I have a root file which contains 3200 histograms, they’re named "Name/NameEvent1Ch1""Name/NameEvent1Ch31""Name/NameEvent2Ch0""Name/NameEvent{x}Ch32"
Half of the histograms come from an x readout of a detector, half from y, so I split them into two, and then i want to be able to access them easily by event number, so I thought the easiest way would be to read in all of the histograms and then reshape the arrays, but I get a strange error from python.

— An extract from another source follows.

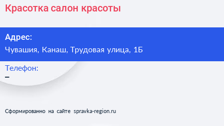 Красотка, салон красоты по адресу Чувашия, Канаш, Трудовая улица, 1Б в дальнейшем Организация, размещена в следующих категориях:

I define the following arrays:

x_channels = [8,7,9,6,10,5,11,4,12,3,13,2,14,1,15,0]
y_channels = [27,28,26,29,25,30,24,31,23,16,22,17,21,18,20,19]

Then this works fine:

analogues_x = [(f"Target/TargetEvent{Ev}Ch{ch}") for Ev in range(100) for ch in x_channels]
analogues_y = [(f"Target/TargetEvent{Ev}Ch{ch}") for Ev in range(100) for ch in y_channels]

analogues_x=np.reshape(analogues_x,(100,16))
analogues_y=np.reshape(analogues_y,(100,16))

But this gives me an error:

analogues_x = [root_file.Get(f"Target/TargetEvent{Ev}Ch{ch}") for Ev in range(100) for ch in x_channels]
analogues_y = [root_file.Get(f"Target/TargetEvent{Ev}Ch{ch}") for Ev in range(100) for ch in y_channels]

print(len(analogues_x),len(analogues_y))

analogues_x=np.reshape(analogues_x,(100,16))
analogues_y=np.reshape(analogues_y,(100,16))

The error says:

 File "/Users/bethlong/Documents/PADME/230111padme-fw/PadmeReco/AnalogueTargetStudies.py", line 43, in <module>
    analogues_x=np.reshape(analogues_x,(100,16))
                ^^^^^^^^^^^^^^^^^^^^^^^^^^^^^^^^
  File "/usr/local/lib/python3.12/site-packages/numpy/core/fromnumeric.py", line 285, in reshape
    return _wrapfunc(a, 'reshape', newshape, order=order)
           ^^^^^^^^^^^^^^^^^^^^^^^^^^^^^^^^^^^^^^^^^^^^^^
  File "/usr/local/lib/python3.12/site-packages/numpy/core/fromnumeric.py", line 56, in _wrapfunc
    return _wrapit(obj, method, *args, **kwds)
           ^^^^^^^^^^^^^^^^^^^^^^^^^^^^^^^^^^^
  File "/usr/local/lib/python3.12/site-packages/numpy/core/fromnumeric.py", line 45, in _wrapit
    result = getattr(asarray(obj), method)(*args, **kwds)
             ^^^^^^^^^^^^^^^^^^^^^^^^^^^^^^^^^^^^^^^^^^^^
ValueError: cannot reshape array of size 1641600 into shape (100,16)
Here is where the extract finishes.